The lines below, from the one containing "Allerheiligen Grabkreuz aus" through the one containing "u. Orchesterstimmenin Abschrift.", should be set down exactly, with no pictures and nothing else.

> _AVAILABLE RECORDS_:
○ ○ ○

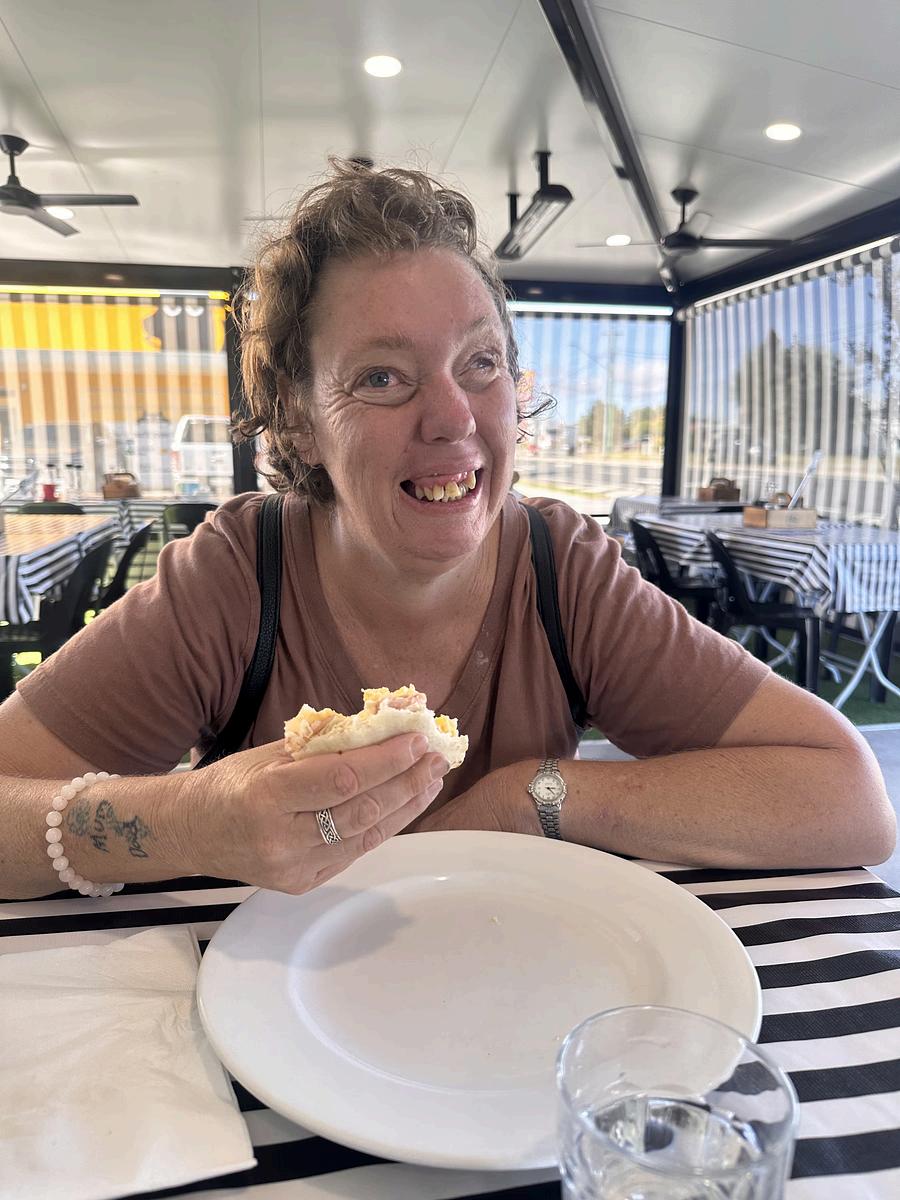 "Look at this beautiful person �� I genuinely enjoy my time I have with Donna (not that I don’t with others, you know what I mean!) and after 3 years we pretty much know each other like family �� we had a sneaky brekky yesterday morning at cafe 63 ($5 for a bacon and egg wrap you can’t go wrong!) I want to shout out to this fiery, spirited, loving human being for how well she has been doing lately. Well done Donna ��"
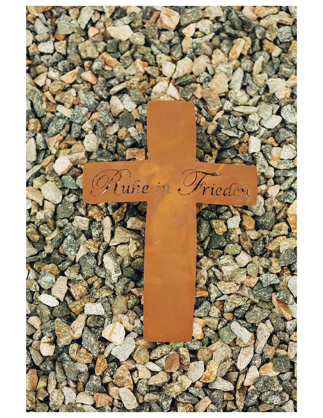 Allerheiligen Grabkreuz aus Edelrost mit Schriftzug - Ruhe in Frieden
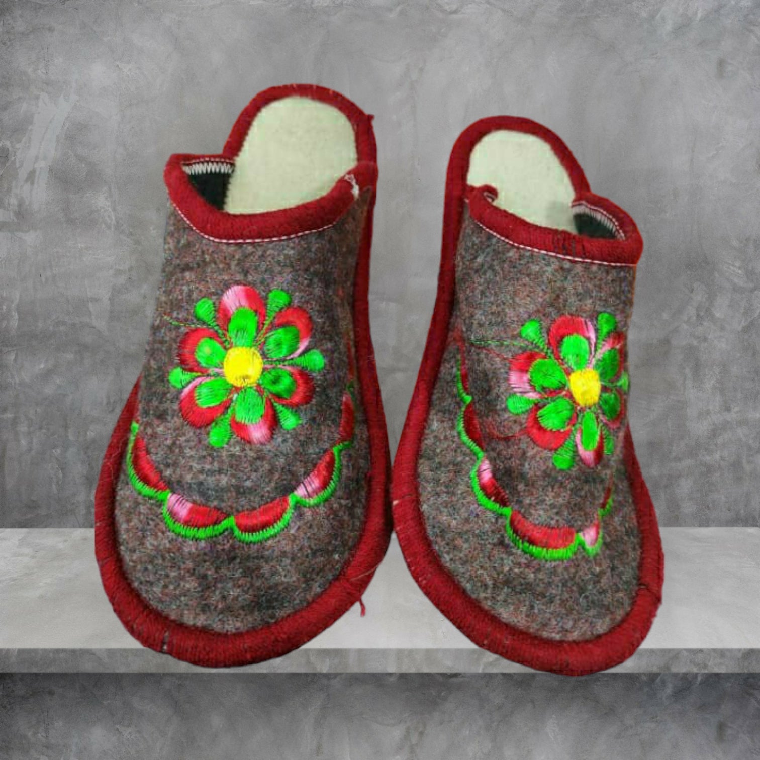 The Chamba Chappal is a traditional handcrafted slipper originating from the Chamba region in Himachal Pradesh, India. This pair, adorned in grey and orange hues, blends cultural artistry with contemporary style. The grey base provides a neutral, versatile foundation, while the vibrant orange accents add a striking contrast, enhancing its visual appeal. Made from high-quality leather and detailed with intricate embroidery, these chappals are not only comfortable and durable but also a testament to the region's rich artisanal heritage.
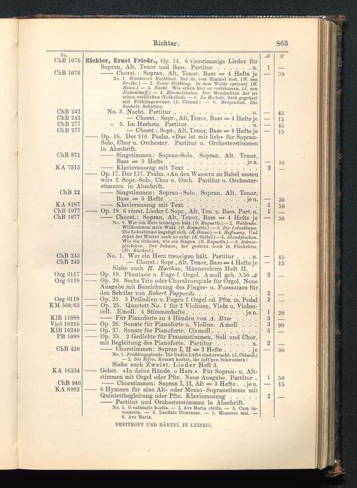 — Chorst.: Sopr., Alt, Tenor, Bass = 4 Hefte je- Op. 16. Der 116. Psalm. »Das ist mir lieb« für Sopran-Solo, Chor u. Orchester. Partitur u. Orchesterstimmenin Abschrift.
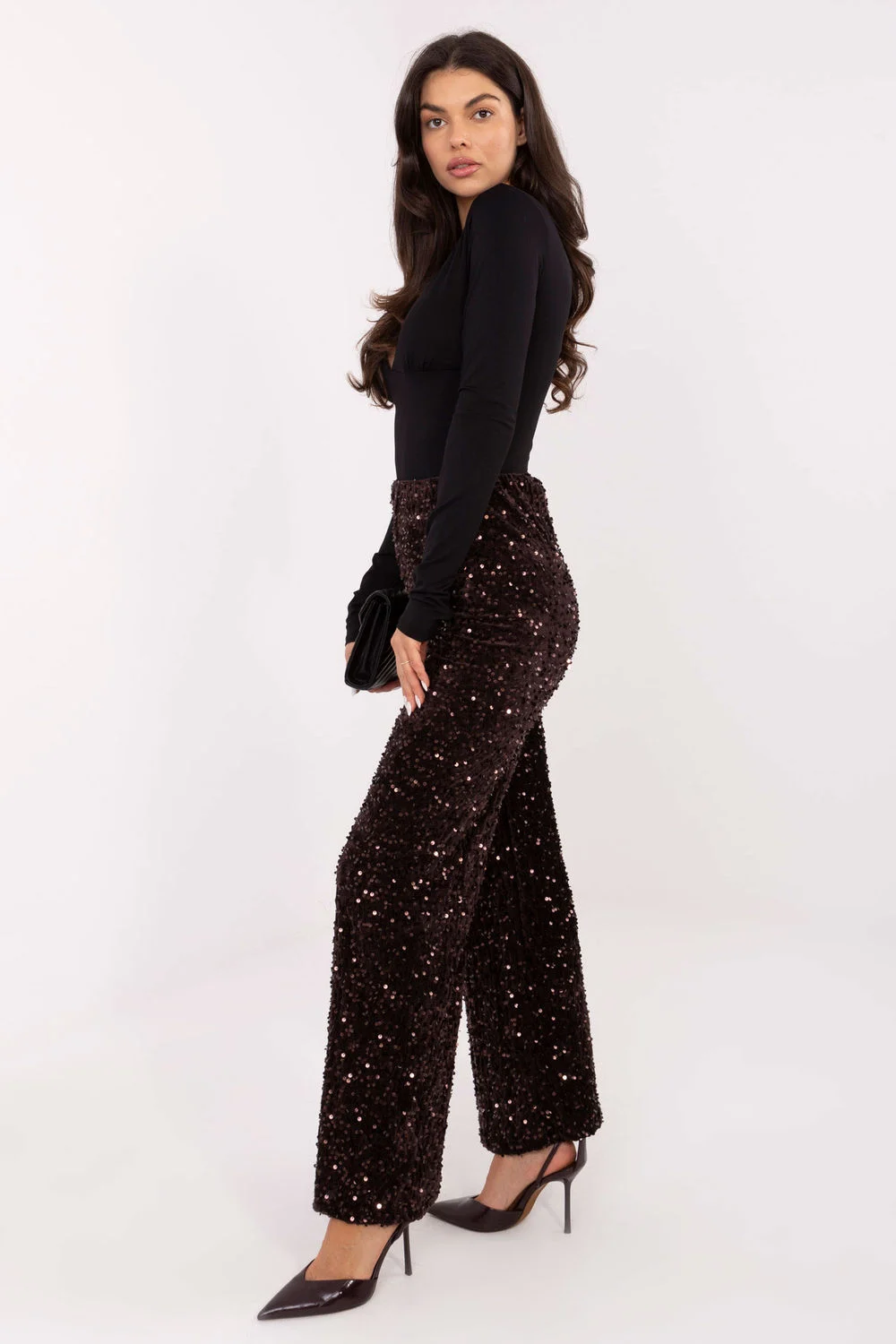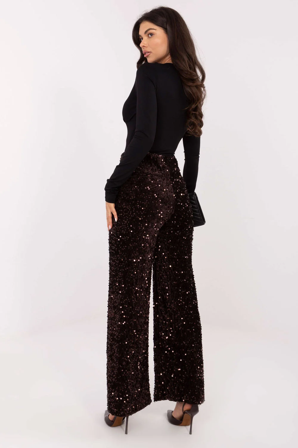 Pantalons élégants en tissu à sequins, conçus pour des occasions spéciales telles que des sorties habillées et des fêtes. Fabriqués à partir d’un mélange de polyester et d’élasthanne, les pantalons offrent un ajustement confortable et un léger éclat grâce à l’application de sequins qui leur donne de la profondeur. Le modèle avec des jambes droites et une taille haute allonge subtilement la silhouette. L’absence de fermeture éclair et de poches donne à l’ensemble un aspect lisse et minimaliste, tandis que la doublure délicate assure un confort de port. Ces pantalons constituent le choix idéal lorsque vous souhaitez ajouter une touche élégante et spectaculaire à votre tenue.
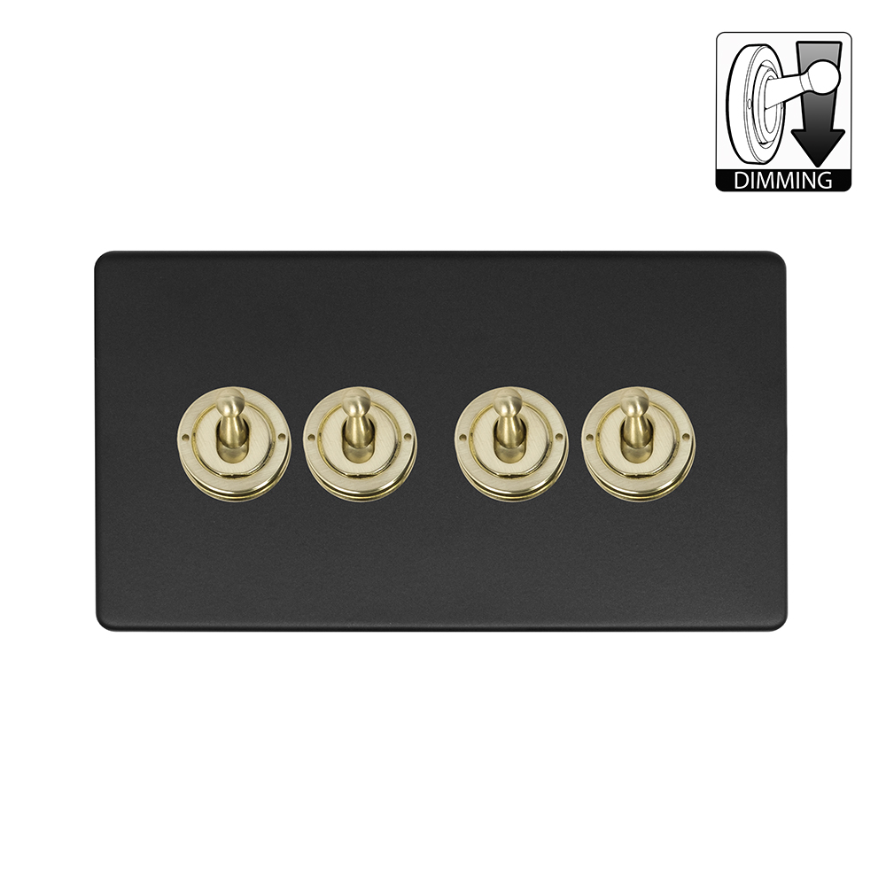 Soho Lighting Lighting Matt Black & Brushed Brass 4 Gang Dimming Toggle Switch
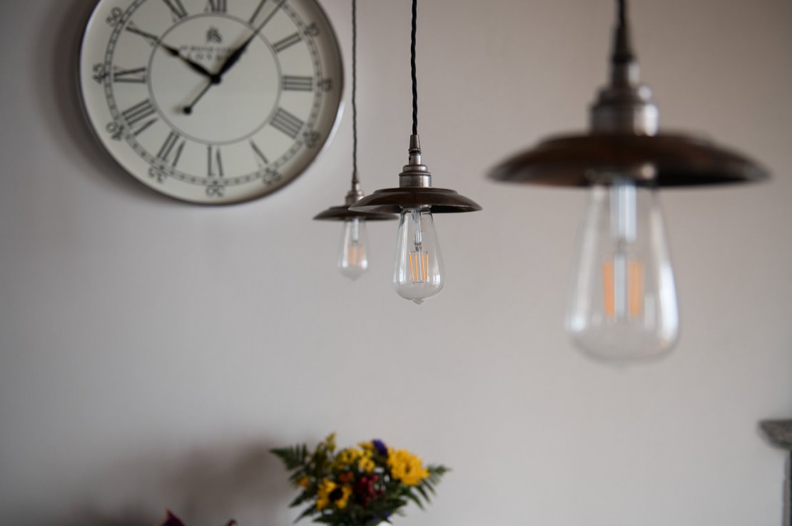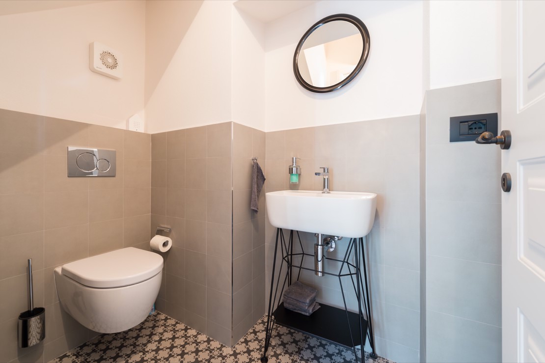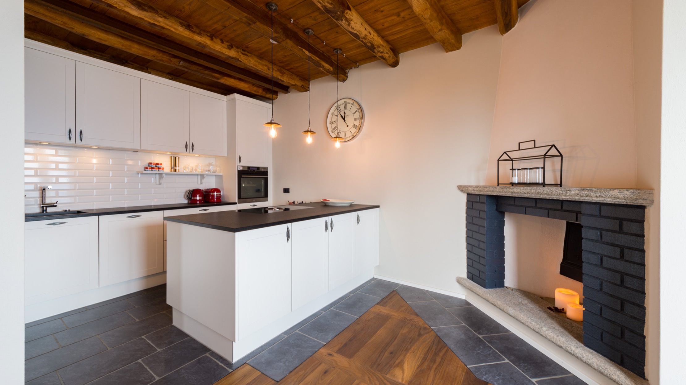 A large table with 6 chairs and a comfortable bench invites to relaxing family meals. An old fireplace (only for decoration, no fire allowed) and high quality lamps provide a cozy atmosphere.

○ ○ ○

> _ANSWER BOX_:
 Allerheiligen Grabkreuz aus Edelrost mit Schriftzug - Ruhe in Frieden
 The Chamba Chappal is a traditional handcrafted slipper originating from the Chamba region in Himachal Pradesh, India. This pair, adorned in grey and orange hues, blends cultural artistry with contemporary style. The grey base provides a neutral, versatile foundation, while the vibrant orange accents add a striking contrast, enhancing its visual appeal. Made from high-quality leather and detailed with intricate embroidery, these chappals are not only comfortable and durable but also a testament to the region's rich artisanal heritage.
 — Chorst.: Sopr., Alt, Tenor, Bass = 4 Hefte je- Op. 16. Der 116. Psalm. »Das ist mir lieb« für Sopran-Solo, Chor u. Orchester. Partitur u. Orchesterstimmenin Abschrift.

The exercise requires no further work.